Day 5 of my road trip through Europe was one of those dream days. We started in Marseille and drove east through the French Riviera. It is some of the most beautiful scenery anywhere on the Mediterranean and possibly on Earth.
Marseille in my mind was one of the most exotic places I could think of in the first world. I had always heard mixed reviews on Marseille and I thought the fact that so many West African immigrants came through there probably scared some people. So I never put much stake in a lot of opinions. I had to see it for myself.
The vibrant and exotic city was just that. I was pleasantly surprised by how much I enjoyed my time in Marseille. The ‘vieux port’ or old port was a beautiful glimpse into Marseille’s welcoming past and the current construction was a sign of their bright future.
Marseille was recently named Europe’s capital for culture for 2013 and they are trying to live up to the billing. However, I don’t think they need to do much as just walking around gives you a glimpse into all the different cultures in Marseille.
At times I felt like I was in Algiers because there were so many Muslim Algerians on the streets. I didn’t mind because I loved Algiers. There were also a ton of West Africans all over. Again, I expected this but to see it so much was interesting to me.
France is a funny place. It used to control most of West Africa but after De Gaulle essentially gave independence to all the states back in the 1960’s, the immigrants have flooded into France, mostly through Marseille.
There aren’t a ton of sights to see in Marseille except for the excellent Notre Dame Cathedral atop the city; which gives great views over all of Marseille and actually has boats hanging from the ceiling inside the chapel. I guess they are praying to Poseidon and the maritime Gods! It is definitely worth a trip up the steep hill. Check out the view.

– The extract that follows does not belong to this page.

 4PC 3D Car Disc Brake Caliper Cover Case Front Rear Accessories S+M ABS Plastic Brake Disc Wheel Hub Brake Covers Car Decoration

Marseille is also famous for its dish called bouillabaisse. It is famous in Marseille and I was very eager to try it. I have to say that I didn’t like it at all. I was very disappointed. The one I had was way too fishy tasting and all the fish had bones in it so I spent the majority of the time picking little bones out of my teeth and trying to breathe through my nose to avoid the fishy stank that came from the bowl.
That aside, the rest of the food I had in Marseille was very good and I would definitely go back at some point. Parking is a nightmare on the little streets of Marseille so be prepared to drive around a while. There are a few parking garages that are a godsend when you actually find them.
St. Tropez, France
This was my second time in St. Tropez and first time since 2000. I remember back in 2000 that I wasn’t too impressed with the beaches or the town of St. Tropez. I thought it was small, full of nice yachts, overpriced, crowded and the beaches weren’t that nice and full of rocks.

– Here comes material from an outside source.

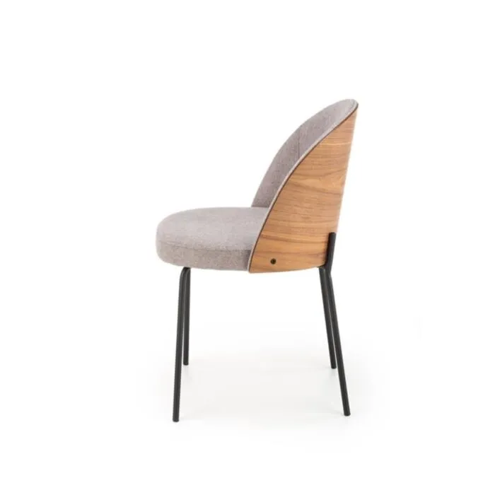 Kuhinjski stol JASPER1 je stol, ki združuje retro in sodobni stil. Kombinacija lesa in tkanine na kvalitetnem ogrodju vas bo prepričala. Nogice so izdelane iz kovine v črni barvi. Prednji del stola je oblečen v sivo blago, hrbtni del pa je iz upognjene vezane plošča, furnirja.

Well not much has changed in my opinion except that some beaches don’t have rocks. I was floored by some prices for basic things and the parking situation was a disaster as you might expect.
However, the best part of going to and from St. Tropez itself is the drive in and out. The Mediterranean is still the best place for scenery in my opinion and the views around St. Tropez are nothing short of phenomenal.
I’m not huge into the whole she-she thing and don’t get impressed by glitz and glam easily. St. Tropez is a nice place but I can do without the crowds and without the inflated prices. There are also better beaches up the coast, which I’d rather go to.
This was also my first time in Cannes since July 2000. Again, Cannes was much as I remembered it and that’s as an OK, she-she kind of compact South Beach. It is very nice along the coast, who can dispute that? However, the city doesn’t do much for me other than to be able to say you’re in Cannes.
Even the site of the famous film festival doesn’t really do anything for me; it’s not that nice. However, I did think it was cool that they are about to host the World Series of Poker Europe!
We didn’t spend a ton of time in Cannes, just a little beach time on the crowded beaches and getting reacquainted with it because we were excited to get to Nice.
Nice is nice: fact. I don’t know a better way to describe how pleasant it is to be in Nice. It was again, my first trip to Nice since July 2000 and I just loved it. Nice is so gorgeous and so fun to be in.
It is laid back and has that Mediterranean chill vibe that I love but also has a city feel and a lot to do. It has a gorgeous seaside walk all up and down the corniche that drives the whole length of the city.
It features awesome Mediterranean architecture and of course ‘Vieux Nice’ or Old Nice which has some of the best restaurants, bars and culture. It is the best part of Nice to hang around in.
The only problem with Old Nice is you don’t know where to eat. Much like the issue on Rue Merciere in Lyon, there are too many choices; they all look good and in fact they are!
We ate pizza, Nicoise style food and gelato like you’re supposed to. We also walked all the little narrow streets and corridors and had a blast doing so.
At night the corniche is packed with people enjoying the night and the rocky beach. That is my only major issue with Nice and the Mediterranean in many spots is the rocky beaches. I don’t know how it doesn’t bother the French.
You literally need a mattress to lie on to not hurt your back and definitely flip flops to walk out on it. That aside, they did import some good sand for some beach volleyball courts they had going. It wasn’t quite Manhattan Beach, California but it wasn’t too shabby!
I would definitely go back to Nice and highly recommend it!